◆ **Dataset entries**:
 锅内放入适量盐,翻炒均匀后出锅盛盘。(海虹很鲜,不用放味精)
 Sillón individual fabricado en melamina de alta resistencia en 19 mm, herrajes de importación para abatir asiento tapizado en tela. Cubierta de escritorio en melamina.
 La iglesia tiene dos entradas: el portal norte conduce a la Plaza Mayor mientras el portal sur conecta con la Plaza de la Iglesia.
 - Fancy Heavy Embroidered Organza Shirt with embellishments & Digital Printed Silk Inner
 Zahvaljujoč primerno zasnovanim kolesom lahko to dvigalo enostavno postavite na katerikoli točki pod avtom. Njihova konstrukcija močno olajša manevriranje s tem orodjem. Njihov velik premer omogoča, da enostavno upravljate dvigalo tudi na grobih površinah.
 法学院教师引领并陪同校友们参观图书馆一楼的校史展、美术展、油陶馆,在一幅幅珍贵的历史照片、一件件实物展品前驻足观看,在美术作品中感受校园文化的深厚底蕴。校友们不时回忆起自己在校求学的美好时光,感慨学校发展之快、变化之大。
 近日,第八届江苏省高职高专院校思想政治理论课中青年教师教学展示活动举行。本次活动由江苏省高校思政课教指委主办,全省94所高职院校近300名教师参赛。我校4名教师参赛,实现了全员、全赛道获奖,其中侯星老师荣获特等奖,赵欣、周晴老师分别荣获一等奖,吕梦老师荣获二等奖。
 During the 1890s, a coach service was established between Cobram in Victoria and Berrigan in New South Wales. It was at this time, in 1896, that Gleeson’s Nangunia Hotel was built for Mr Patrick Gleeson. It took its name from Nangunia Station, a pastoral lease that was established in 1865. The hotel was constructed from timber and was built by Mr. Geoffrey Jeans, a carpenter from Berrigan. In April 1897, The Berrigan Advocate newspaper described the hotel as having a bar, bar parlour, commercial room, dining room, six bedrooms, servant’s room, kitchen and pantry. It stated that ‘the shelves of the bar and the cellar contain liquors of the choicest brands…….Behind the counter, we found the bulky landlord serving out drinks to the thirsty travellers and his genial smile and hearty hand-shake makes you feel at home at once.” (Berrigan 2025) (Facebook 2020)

◆ **Required action**:
Within the material above, output exactly the lines from the one with "La iglesia tiene" through the one with "近日,第八届江苏省高职高专院", end lines included, and nothing besides.

◆ **Task answer**:
 La iglesia tiene dos entradas: el portal norte conduce a la Plaza Mayor mientras el portal sur conecta con la Plaza de la Iglesia.
 - Fancy Heavy Embroidered Organza Shirt with embellishments & Digital Printed Silk Inner
 Zahvaljujoč primerno zasnovanim kolesom lahko to dvigalo enostavno postavite na katerikoli točki pod avtom. Njihova konstrukcija močno olajša manevriranje s tem orodjem. Njihov velik premer omogoča, da enostavno upravljate dvigalo tudi na grobih površinah.
 法学院教师引领并陪同校友们参观图书馆一楼的校史展、美术展、油陶馆,在一幅幅珍贵的历史照片、一件件实物展品前驻足观看,在美术作品中感受校园文化的深厚底蕴。校友们不时回忆起自己在校求学的美好时光,感慨学校发展之快、变化之大。
 近日,第八届江苏省高职高专院校思想政治理论课中青年教师教学展示活动举行。本次活动由江苏省高校思政课教指委主办,全省94所高职院校近300名教师参赛。我校4名教师参赛,实现了全员、全赛道获奖,其中侯星老师荣获特等奖,赵欣、周晴老师分别荣获一等奖,吕梦老师荣获二等奖。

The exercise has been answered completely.